Gareth Everard has an interesting article on TechCrunch discussing what he believes crowdfunding will look like in the near future.
The golden age of irrational exuberance on Kickstarter has ended — Pebble is shutting down, marking the fall of crowdfunding's white knight after a string of other high-profile closures and failures.
Originally positioned as a medium for (especially arts-related) projects to garner modest seed funding from a diverse group of supporters, crowdfunding platforms like Kickstarter and Indiegogo have obviously evolved since their respective launches in 2009 and 2008. Yes, crowdfunding has produced some inspiring success stories that have grown into innovative businesses, like Peak Design and Flow Hive.
However, it also has facilitated the transfer of significant sums of money to teams that ultimately proved themselves to be incompetent, leaving backers with nothing. Recent headlines have been chock full of projects that have declared bankruptcy or otherwise betrayed their early backers, exposing cases where founders' and companies' egos have simply overtaken their ability to reason, plan and communicate logically or truthfully.

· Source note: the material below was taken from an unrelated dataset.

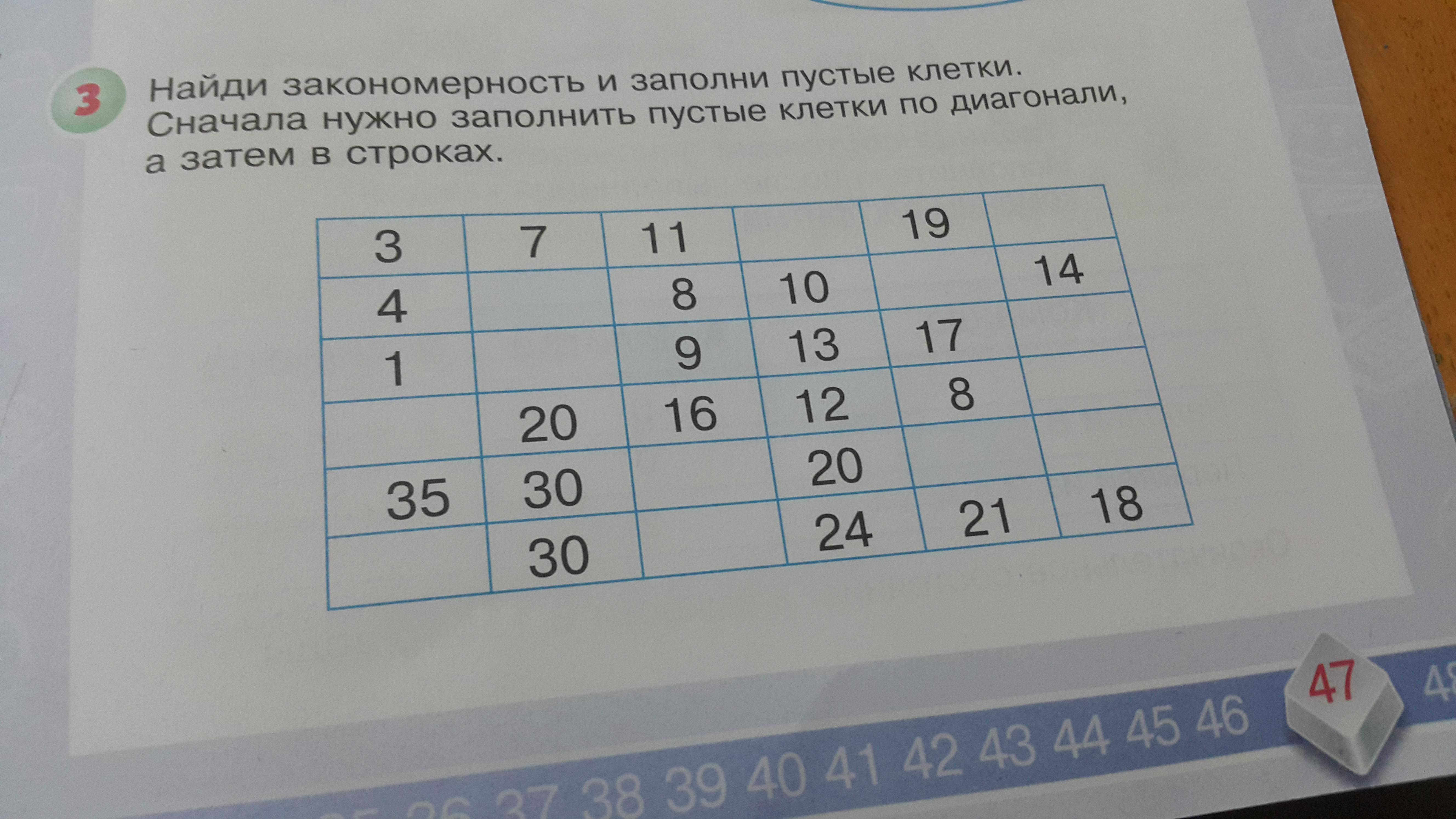 2.в строчку идя от трех до 18:3,7,11,15,19,4,6,8,10,12,14,1,4,9,13,17,21,24, 20,16,12,8,4,35,30,25,20,15,10,33,30,27,24,21,18.

Have the high profile failures doomed crowdfunding?
(Score: 4, Interesting) by DutchUncle on Monday January 23 2017, @02:20PM
It's a matter of expectations: It's not a pre-order, it's artistic patronage. I have backed dozens of things, all new projects from a source I was already familiar with; new board games from publishers and/or designers I already like; new DVDs from musical and entertainment groups I had heard (at least online). All creative works where the funding (the "interest free loan") was for physical publication. All of them finished but one (which offered a refund, and for the amount I told them to forget it). Some of them were ridiculously later than original projections, but in most cases they made regular updates on progress (a famous one, Ogre from Steve Jackson Games, actually hired an additional staffer to manage the project and the online communication).
(Score: 0) by Anonymous Coward on Monday January 23 2017, @04:34PM
However a patron still expects something in return for their investment, even if not a physical good. A lot of arts patronage was by the church to create art that met their agenda and extended their influence while the Medeci were famous for using their patronage of the arts as a form of money laundry.
(Score: 0) by Anonymous Coward on Tuesday January 24 2017, @06:40AM
I use Kickstarter to donate money to Erfworld comic. It works.